EvalMDE/baselines/*.py still have from moge.test.baseline import MGEBaselineInterface. Resolved via Option A: scripts/run_inference.py does sys.path.insert(0, '/home/ywan0794/MoGe') so baselines still resolve their interface from MoGe. No sed needed.

✅ TODO-2 (inference driver): scripts/run_inference.py — WRITTEN

/home/ywan0794/EvalMDE/scripts/run_inference.py:

• Click CLI with --baseline /path/to/baselines/<m>.py --data-root <infinigen> --output-root <out> --model-name <name>
• Passes remaining click args through to baseline's load.main(ctx.args)
• For each scene with rgb.png + gt_depth.npz: loads rgb, builds normalized 3×3 K from GT pixel intr, calls baseline.infer_for_evaluation(image, K_norm), picks depth in priority order (depth_metric > depth_scale_invariant > depth_affine_invariant > 1/disparity_affine_invariant), writes <out>/<model>/<scene>/pred_depth.npz with EvalMDE keys {depth, intr (4,) px, valid}
• For pred intrinsics: uses model-predicted intr if present (Depth Pro), else GT intr

❗ Original TODO-2 (script/eval.py) was REWORKED into 2 stages: inference + metric.
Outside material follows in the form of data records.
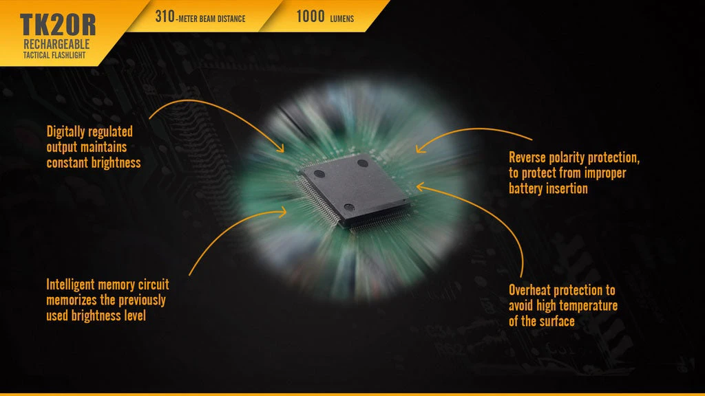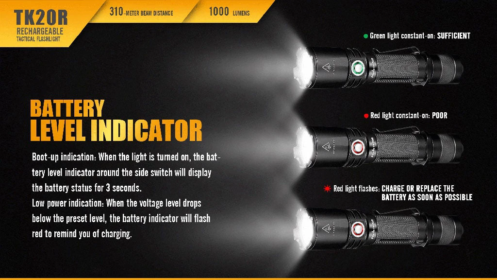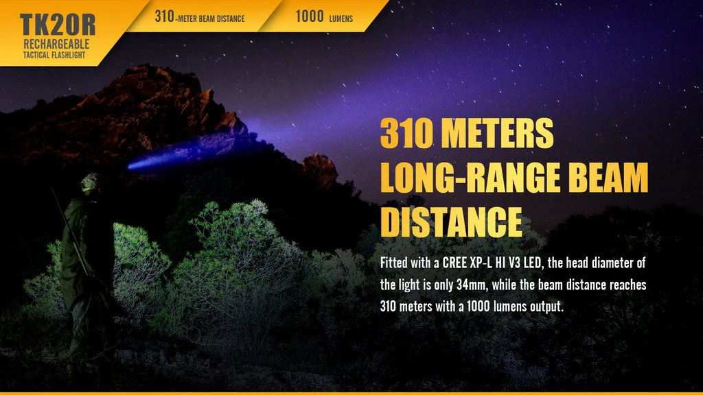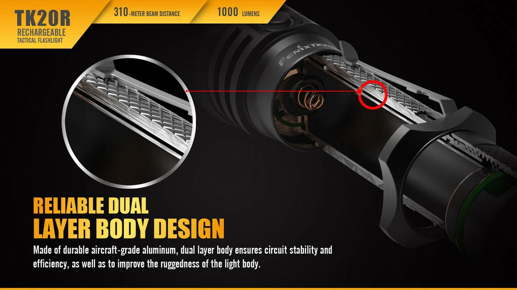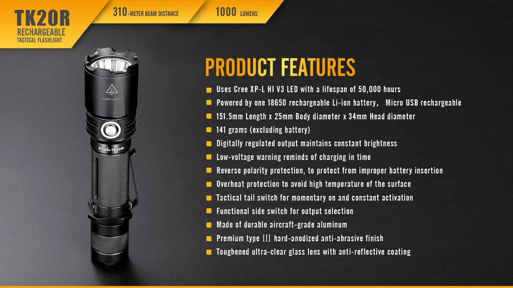 Fenix TK20R is a Micro-USB rechargeable flashlight that is designed for tactical applications. It delivers a maximum beam distance of 310 meters by utilizing a CREE XPL HI V3 LED, and has a max output of 1000 lumens. In addition, it is powered by one 18650 rechargeable Li-ion battery, and two cold resistant CR123A can be used as standby batteries. Features are dual layer body, inner waterproofing treatment; and a tactical tail switch and side switch that allow easily access to four output levels and strobe. This compact but hardy flashlight is ideal for tactical application, industrial tasks and hunting.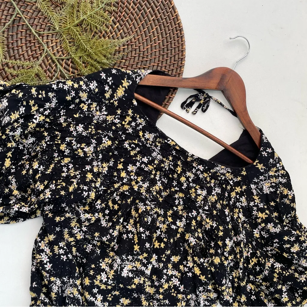 Womens Size XS Bodysuit Black Yellow White Floral Puff Sleeve Tie Back Good Pre Owned Condition N... Show more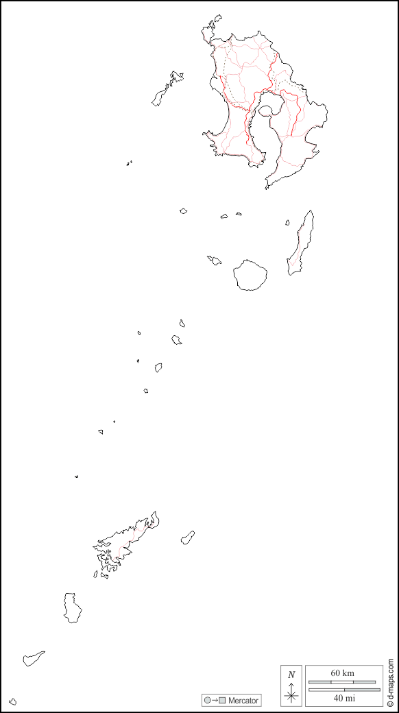 d-maps > एशिया > जापान > कागोशिमा > बाह्यरेखा, सड़कों, सफेद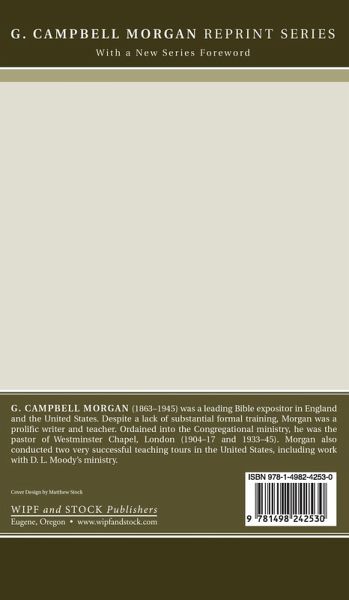 G. Campbell Morgan (1863-1945) was a leading Bible expositor in England and the United States. Despite a lack of substantial formal training, Morgan was a prolific writer and teacher. Ordained into the Congregational ministry, he was the pastor of Westminster Chapel, London (1904-17 and 1933-45). Morgan also conducted two very successful teaching tours in the United States, including work with D.L. Moody's ministry.

This is cleaner: inference runs in per-model env, metric runs in evalmde env.

TODO-3: Write scripts/compute_metrics.py (run in evalmde env)

Reads each model's pred_depth.npz + GT gt_depth.npz, computes EvalMDE metrics + standard MDE metrics.

Pseudocode:

import sys, json, click
from pathlib import Path
import numpy as np

from evalmde.utils.depth import load_data
from evalmde.metrics.rel_normal import compute_rel_normal
from evalmde.metrics.sawa_h     import compute_sawa_h

@click.command()
@click.option('--gt-root',   required=True, type=click.Path())  # Infinigen root
@click.option('--pred-root', required=True, type=click.Path())  # output of run_inference.py
@click.option('--model-name', required=True, type=str)
@click.option('--output',    required=True, type=click.Path())
def main(gt_root, pred_root, model_name, output):
    gt_root = Path(gt_root); pred_root = Path(pred_root) / model_name
    scenes = sorted(d.name for d in pred_root.iterdir() if (d / 'pred_depth.npz').exists())

    results = []
    for scene in scenes:
        gt_d,  gt_intr,  gt_v = load_data(gt_root  / scene / 'gt_depth.npz')
        pr_d,  pr_intr,  pr_v = load_data(pred_root / scene / 'pred_depth.npz')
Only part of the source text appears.